Wednesday, August 22, 2012

The last couple weeks have been really busy for me. It's also been extremely boring for the kids. You see, the garden has been producing more than we can keep up with, so we've been busy trying to preserve what we can. Last weekend we spent our Saturday pickling jalapenos. When you have a wheel barrow half filled with jalapenos, you know it's going to be an all day process.


The potato bugs have started spreading onto other plants so I've had to pick almost all our eggplant and quick make meals that we can freeze because there isn't much else you can do with eggplant that won't have it turn out mushy. So we'll be eating quite a few eggplant parmigiana and pasta meals in the near future.

One of my favorite canning veggies are the green beans. Not only is it my favorite way to eat them but I don't have a pressure cooker, which is required for canning beans. So it becomes a social event as I help my mother-in-law pick her beans and we combine what we have to get enough canners for both of us and she pressure cooks them. (Dusty and Rosie both helped us with different steps this year which was really nice.)

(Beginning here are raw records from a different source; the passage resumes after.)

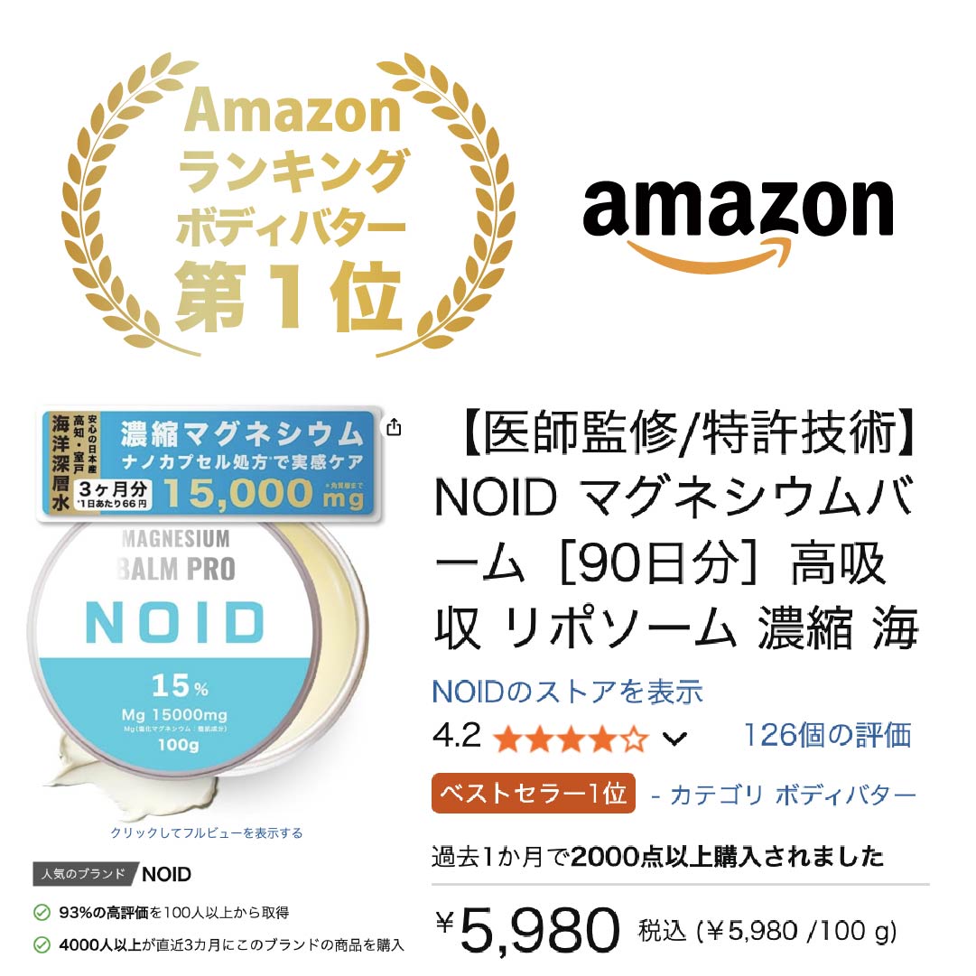 ノイドのマグネシウムバームは、100gの大容量にマグネシウムが15000mgも凝縮された贅沢な一品。超高濃度なのに使い心地がとても良く、毎日のリラックスタイムに欠かせない相棒になっちゃいました!ストレスの多い現代社会で、自分を癒すためのセルフメディケーションにぴったりなんです。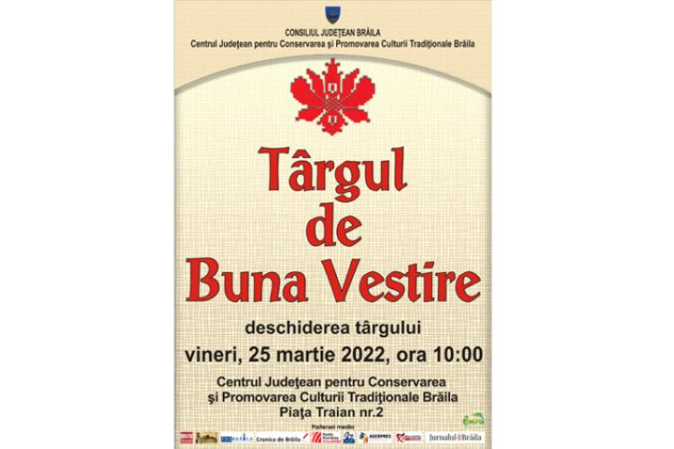 Târg deschis în zi de sărbătoare. Consiliul Județean Brăila, Primăria Municipiului și Centrul Județean pentru Conservarea și Promovarea Culturii Tradiționale (Centrul de Creație) organizează vineri, 25 martie, începând cu ora 10.00, în foaierul Centrului de Creație din Piața Traian nr. 2, etajul I, deschiderea „Târgului de Buna Vestire” dedicat sărbătorii creștine cunoscută în tradiția ortodoxă și sub denumirea de „Blagoveștenia”.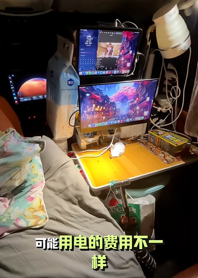 甚至还有人直接住在车里,省去了在外地工作时租房、买房的费用,相当自在。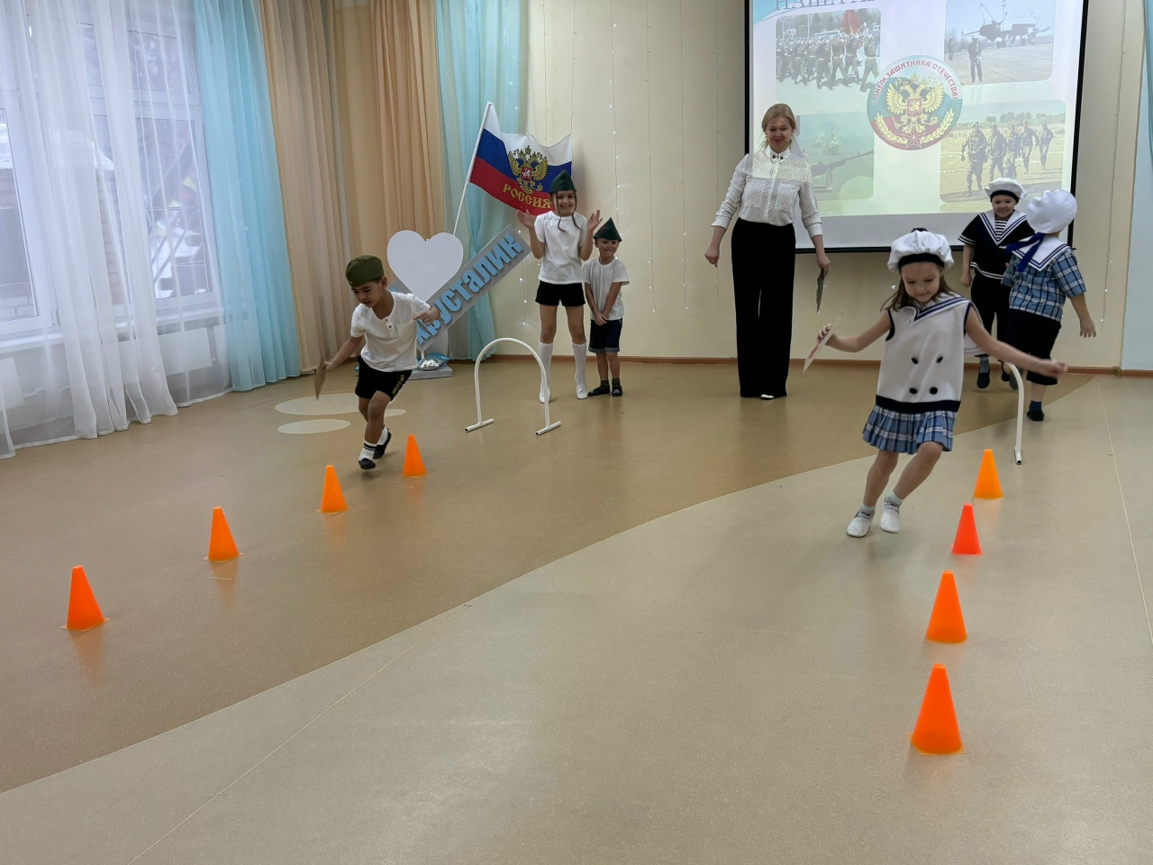 Дети беседовали о родах войск, отгадывали военные загадки, пели песни, танцевали, а также проходили необычные препятствия. Это - «Доставь груз до военной базы» «Внимательный водитель», «Метай гранату!». Каждый из ребят получил массу положительных эмоций!

My least favorite, and a first time canning item for me, has been preserving the tomatoes. I was slowly skinning and freezing them as they came but the tomato plants are in full harvest mode now and there was no way I could keep up. It was getting to be really overwhelming. So Dusty and I took the plunge and bought a tomato juicer. The kids were thrilled!


So far, I've cooked down about 50 lbs of tomatoes into a sauce and I have to do that yet again to get through what we've harvested so far. Worse yet? It's just sitting in my fridge as we haven't even canned them yet. My fridge is stock full of tomato sauce and juice and I don't foresee an open day for Dusty and I to actually jar them until after our big party this weekend.

Somebody hold me?

The good news is that we should really save quite a bit of money on our grocery bill this year. I've got at least 8 meals prepared in the freezer along with the foods we've frozen and canned. Here's hoping the garden stops soon or at least slows down enough to just enjoy as we go.

P.S.
I didn't even mention the pepper jelly, salsa, beets, brussel sprouts, roma green beans and stuffed peppers I've worked on in the last month or so. Do you see why I'm so overwhelmed now?